→ Stored data:

+ + +

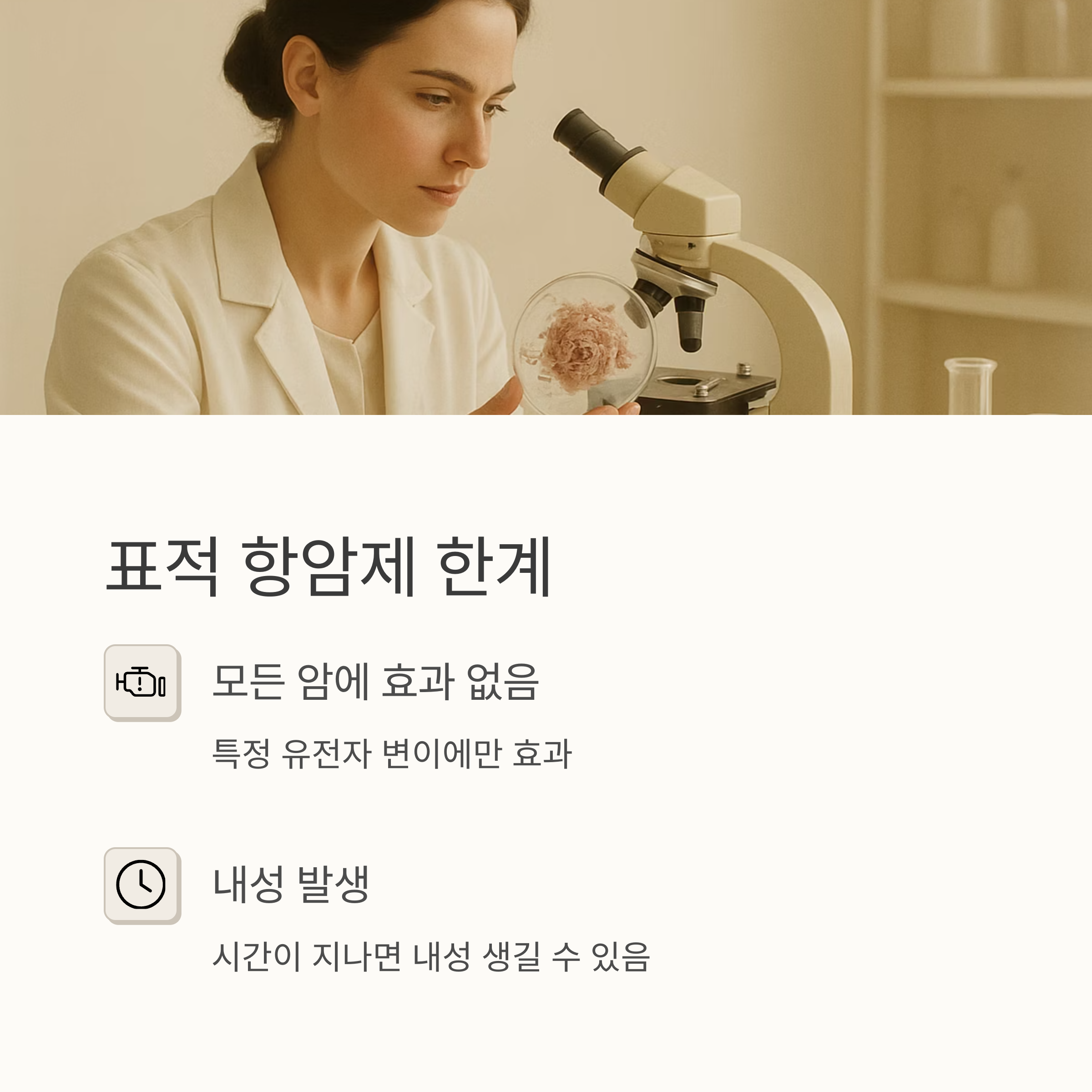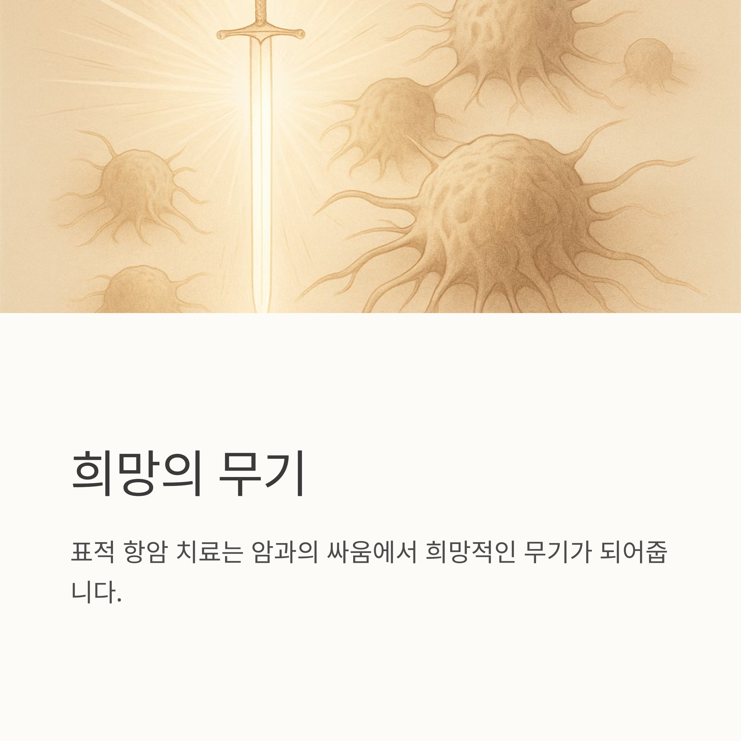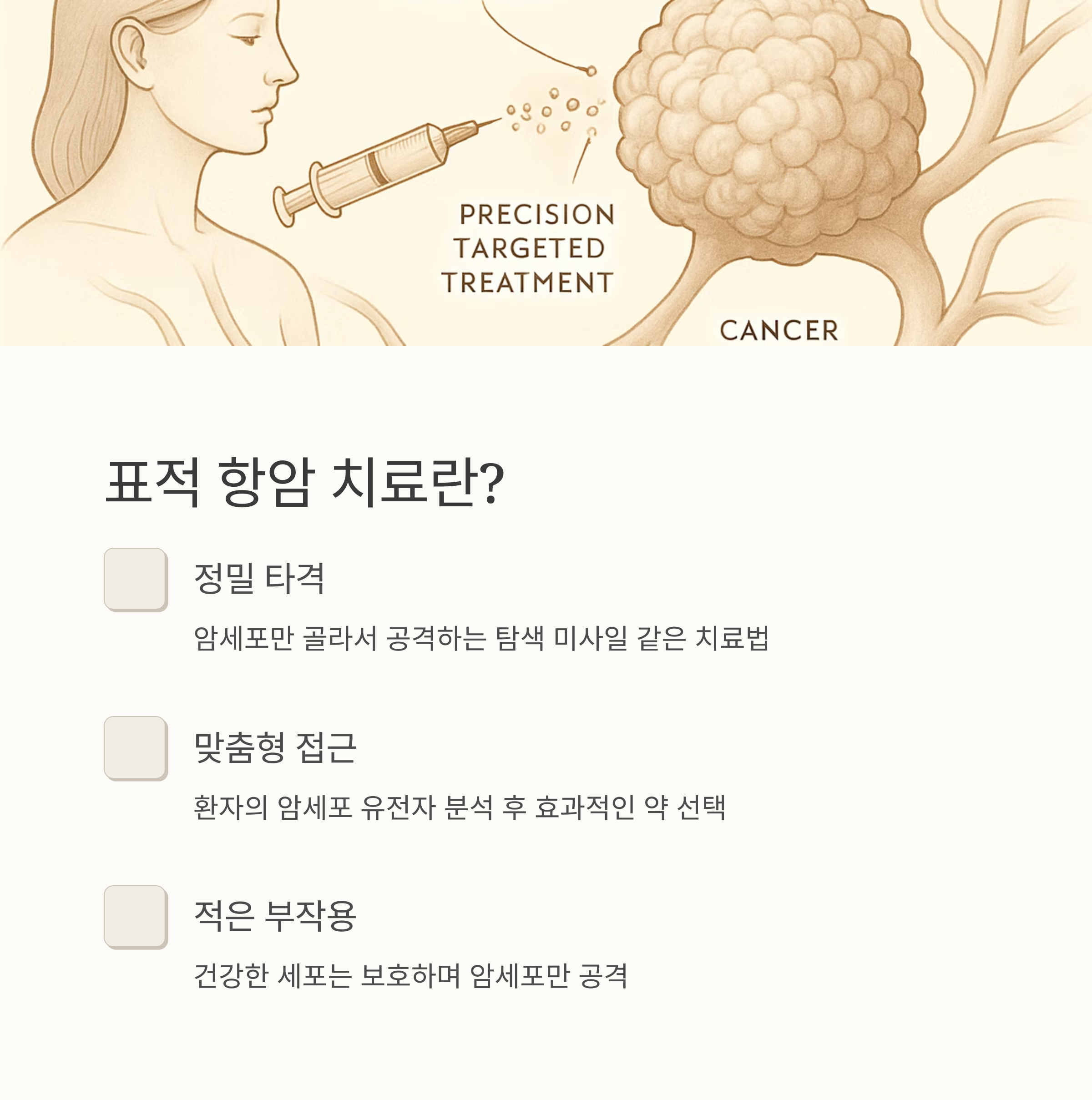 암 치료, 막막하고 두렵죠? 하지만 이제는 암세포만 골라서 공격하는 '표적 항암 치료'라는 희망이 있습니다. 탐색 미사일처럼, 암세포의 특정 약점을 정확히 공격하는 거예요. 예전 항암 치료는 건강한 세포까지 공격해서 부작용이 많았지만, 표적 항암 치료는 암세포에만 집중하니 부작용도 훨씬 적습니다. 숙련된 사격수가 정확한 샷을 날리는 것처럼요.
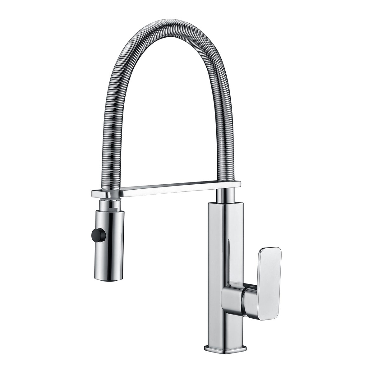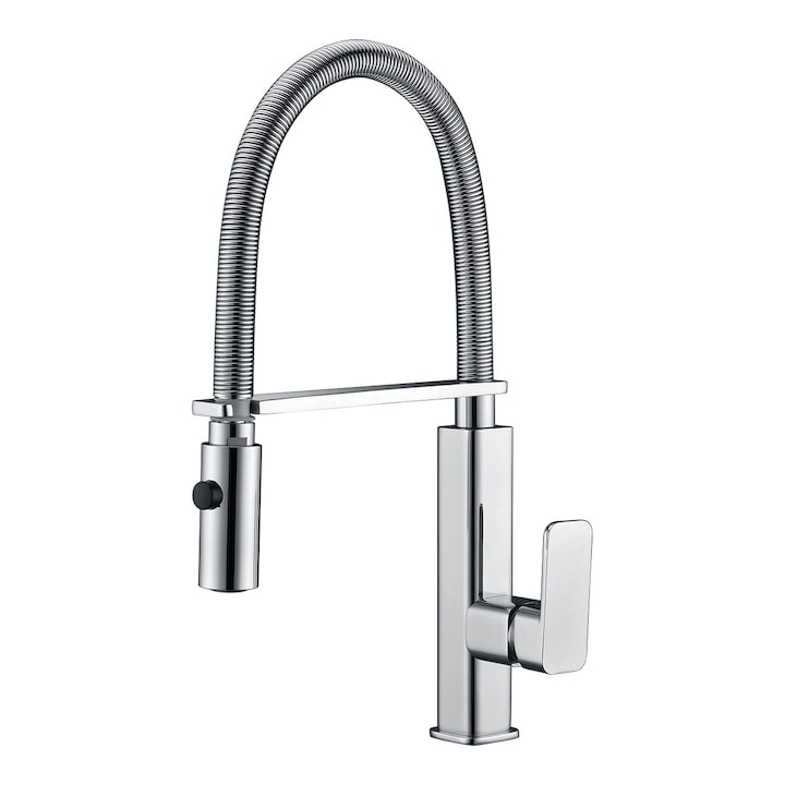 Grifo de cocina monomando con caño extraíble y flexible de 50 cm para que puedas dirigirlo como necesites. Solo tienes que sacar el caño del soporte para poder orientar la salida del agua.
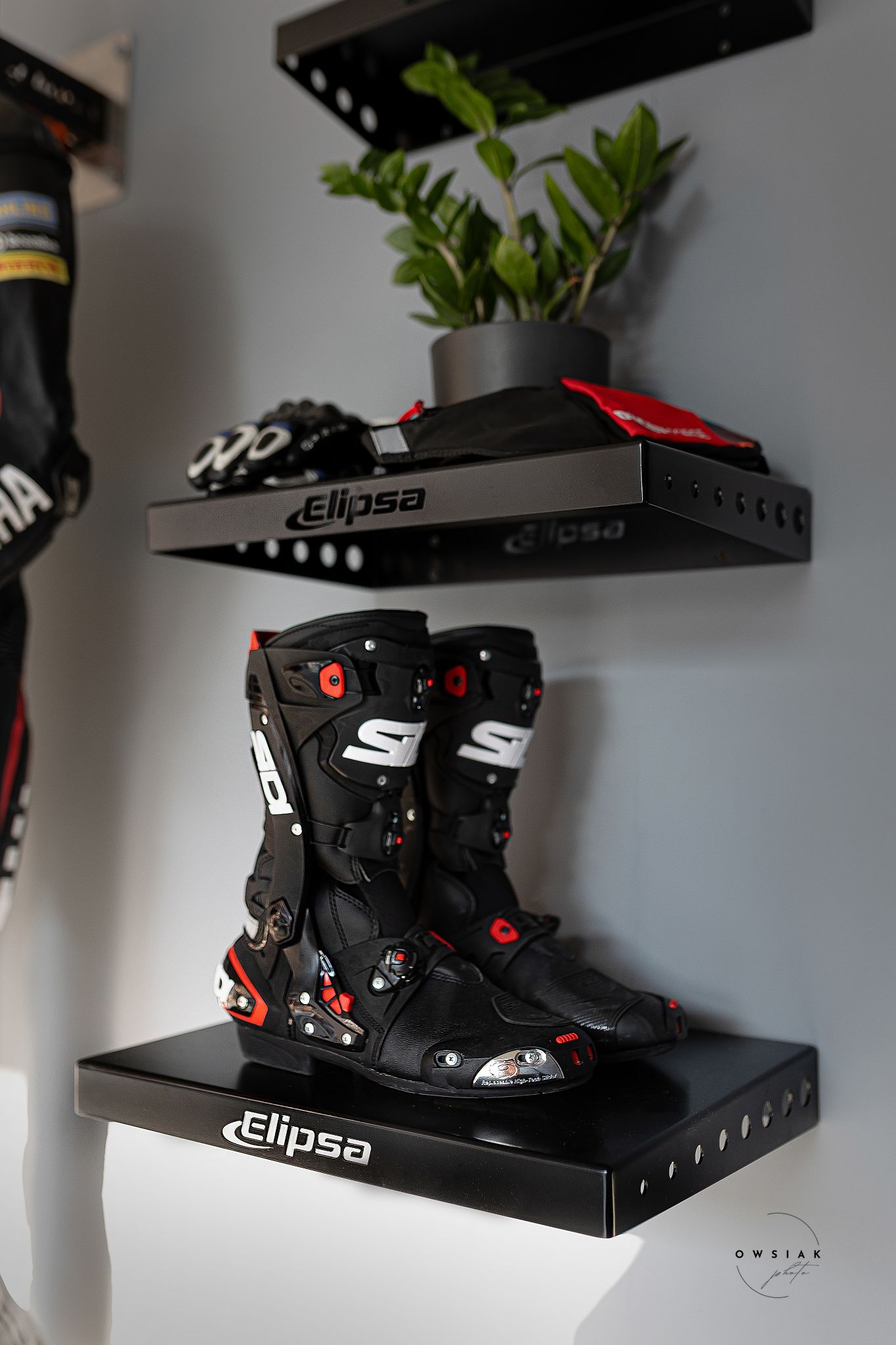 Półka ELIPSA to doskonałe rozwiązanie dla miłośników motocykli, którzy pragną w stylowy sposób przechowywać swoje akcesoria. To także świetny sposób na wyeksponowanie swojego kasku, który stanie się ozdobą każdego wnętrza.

+ + +

Retype the listing verbatim, minus every image.

→ Answer section:
 암 치료, 막막하고 두렵죠? 하지만 이제는 암세포만 골라서 공격하는 '표적 항암 치료'라는 희망이 있습니다. 탐색 미사일처럼, 암세포의 특정 약점을 정확히 공격하는 거예요. 예전 항암 치료는 건강한 세포까지 공격해서 부작용이 많았지만, 표적 항암 치료는 암세포에만 집중하니 부작용도 훨씬 적습니다. 숙련된 사격수가 정확한 샷을 날리는 것처럼요.
 Grifo de cocina monomando con caño extraíble y flexible de 50 cm para que puedas dirigirlo como necesites. Solo tienes que sacar el caño del soporte para poder orientar la salida del agua.
 Półka ELIPSA to doskonałe rozwiązanie dla miłośników motocykli, którzy pragną w stylowy sposób przechowywać swoje akcesoria. To także świetny sposób na wyeksponowanie swojego kasku, który stanie się ozdobą każdego wnętrza.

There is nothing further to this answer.